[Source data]
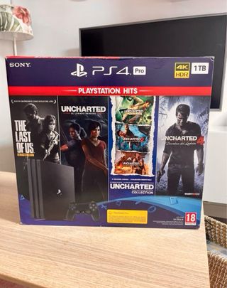 Consola Playstation 4 Pro en color negro, con capacidad de 1TB y compatibilidad 4K HDR. Incluye varios títulos de la saga Uncharted. - The Last of Us Remasterizado - Uncharted: El Legado Perdido - Uncharted 4: El Desenlace del Ladrón - The Uncharted: The Nathan Drake Collection
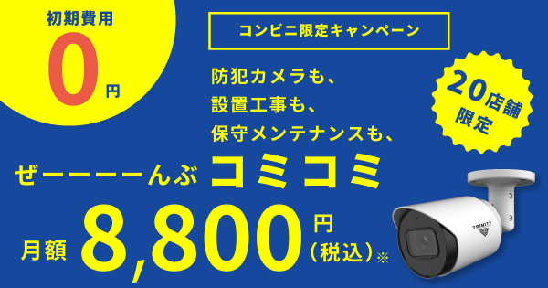 ▼【コンビニ限定キャンペーン】初期費用0円、月額8,800円で高品質の業務用防犯カメラが導入できる
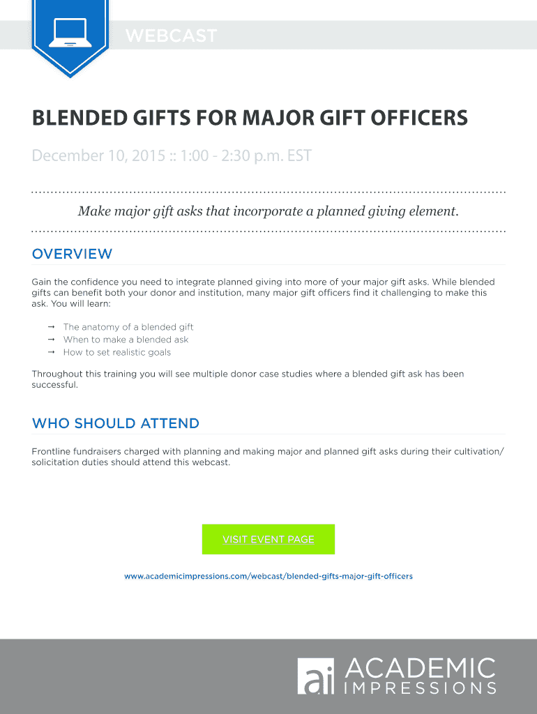 Get the free BLENDED GIFTS FOR MAJOR GIFT OFFICERS - Academic Impressions
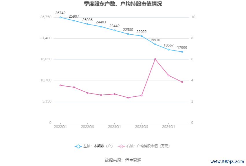 筹码集中度方面,截至2024年上半年末,公司股东总户数为1.8万户,较一季度末下降了568户,降幅3.06%;户均持股市值由一季度末的4.49万元下降至3.87万元,降幅为13.81%。
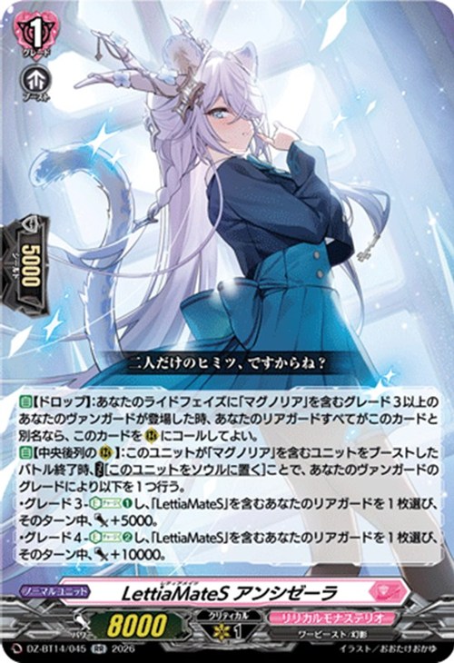 ・グレード3-【エネルギーチャージ】(1)し、「LettiaMateS」を含むあなたのリアガードを1枚選び、そのターン中、パワー+5000。
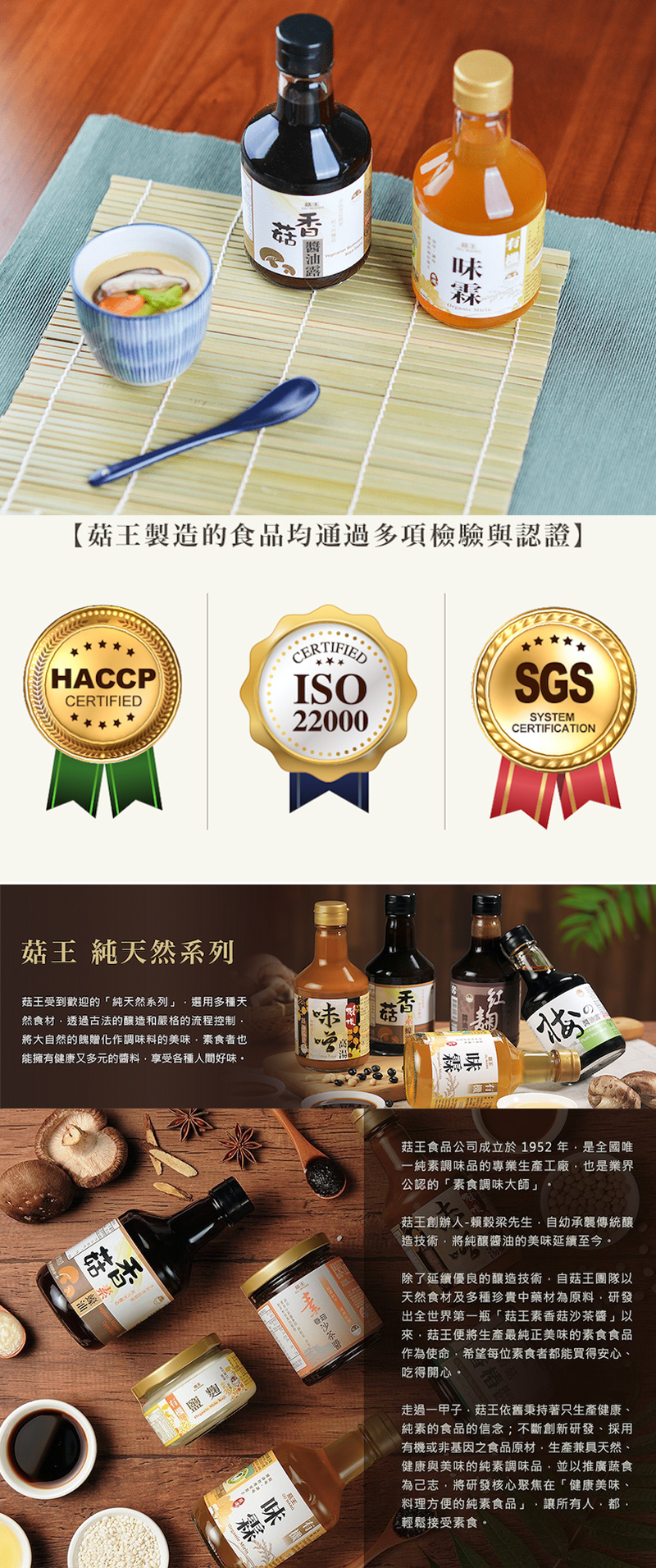 不含柴魚成份,素食者也可享受高品質甘醇的香菇醬油

* [Task to carry out] Output every entry above verbatim, but leave out the pictures.

* [Result of the task]
 Consola Playstation 4 Pro en color negro, con capacidad de 1TB y compatibilidad 4K HDR. Incluye varios títulos de la saga Uncharted. - The Last of Us Remasterizado - Uncharted: El Legado Perdido - Uncharted 4: El Desenlace del Ladrón - The Uncharted: The Nathan Drake Collection
 ▼【コンビニ限定キャンペーン】初期費用0円、月額8,800円で高品質の業務用防犯カメラが導入できる
 Get the free BLENDED GIFTS FOR MAJOR GIFT OFFICERS - Academic Impressions
 筹码集中度方面,截至2024年上半年末,公司股东总户数为1.8万户,较一季度末下降了568户,降幅3.06%;户均持股市值由一季度末的4.49万元下降至3.87万元,降幅为13.81%。
 ・グレード3-【エネルギーチャージ】(1)し、「LettiaMateS」を含むあなたのリアガードを1枚選び、そのターン中、パワー+5000。
 不含柴魚成份,素食者也可享受高品質甘醇的香菇醬油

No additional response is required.